I'm afraid that ship has already sailed. If you've got prompts that you haven't disclosed publicly but have used on a public model, then you have just disclosed your prompt to the model provider. They're free to use that prompt in evals as they see fit.

Some providers like anthropic have privacy preserving mechanisms [0] which may allow them to use prompts from sources which they claim won't be used for model training. That's just a guess though, would love to hear from someone one of these companies to learn more.
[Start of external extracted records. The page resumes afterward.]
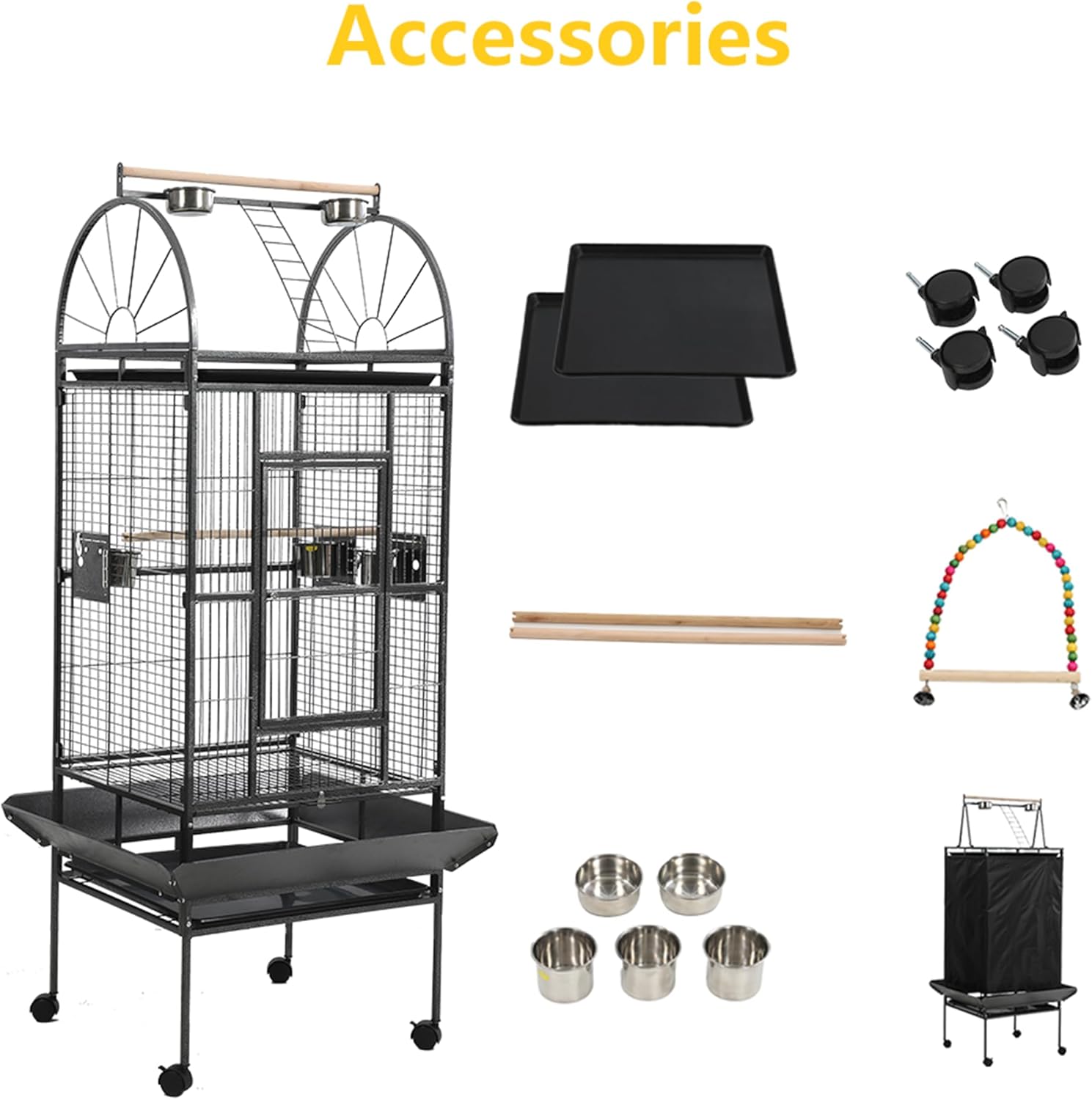 Give your feathered friend a spacious and comfortable home with this premium 69-inch tall wrought iron flight cage. Perfect for a variety of medium to large birds, this cage features a roomy interior with multiple perches and feeding stations. The thoughtfully designed play top provides additional entertainment space, while the rolling stand with lockable wheels makes mobility effortless. The cage includes essential accessories: feeding bowls, wooden perches, a colorful swing, and a night cover for peaceful rest. The sturdy construction includes a bottom tray for easy cleaning, and the 0.69-inch bar spacing ensures safety. With dimensions of 31.6″ x 29.8″ base and 32″ height (48″ total height with stand), this cage provides ample space for your bird to spread its wings. The arched top design adds elegance while maximizing vertical space, making it an ideal home for cockatiels, parakeets, African Grey parrots, and many other species. The black finish offers durability and complements any room decor.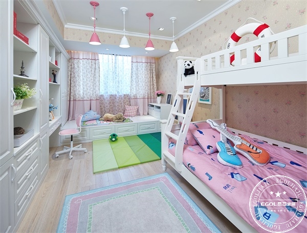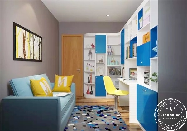幼兒時期通常是書房和房間一體,這時候多開發(fā)孩子腦洞,培養(yǎng)孩子的色彩感知能力和動手能力,因此書房空間自然采光要充足,色彩搭配合理,把創(chuàng)造快樂空間的主動權(quán)交給孩子。
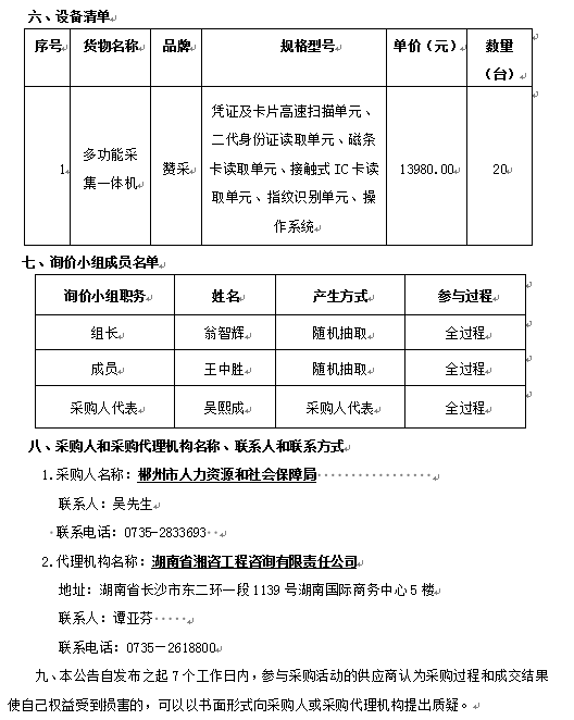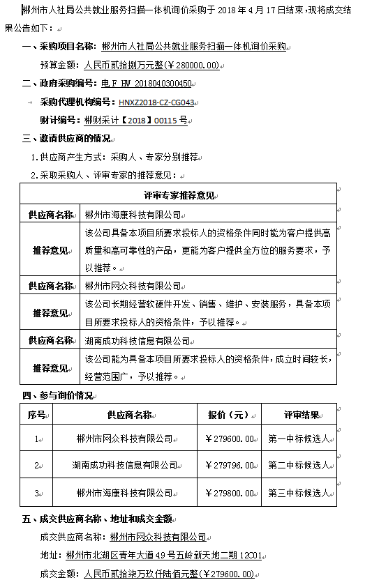 郴州市人社局公共就業(yè)服務掃描一體機詢價采購成交結果公告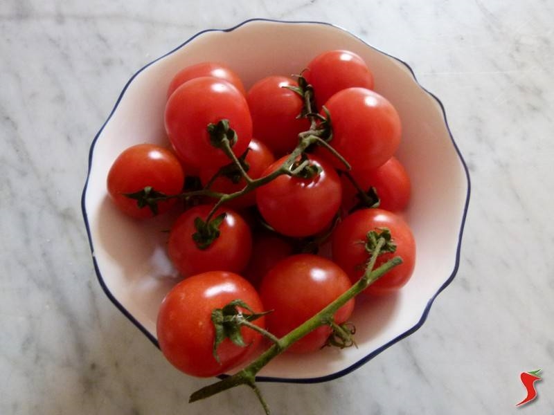 Prendere i 400 grammi di pomodori pachino e lavarli attentamente e privarli del loro ceppo verde prima di procedere con il taglio.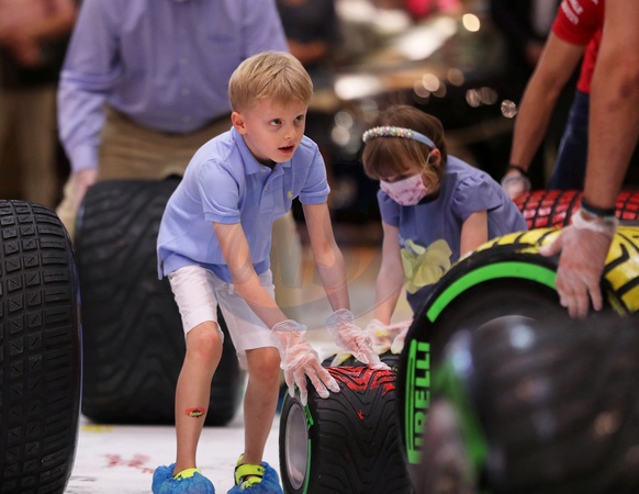 Ksiaze Albert z dziecmi tworza prace plastyczne na Grand Prix Monaco 2021

[0] https://www.anthropic.com/research/clio

sillyfluke 14 hours ago | parent | next [-]

Unless I'm missing something glaringly obvious, someone voluntarily labeling a certain prompt to be one of their key benchmark prompts should be way more commercially valuable than a model provider trying ascertain that fact from all the prompts you enter into it.

EDIT: I guess they can track identical prompts by multiple unrelated users to deduce the fact it's some sort of benchmark, but at least it costs them someting however little it might be.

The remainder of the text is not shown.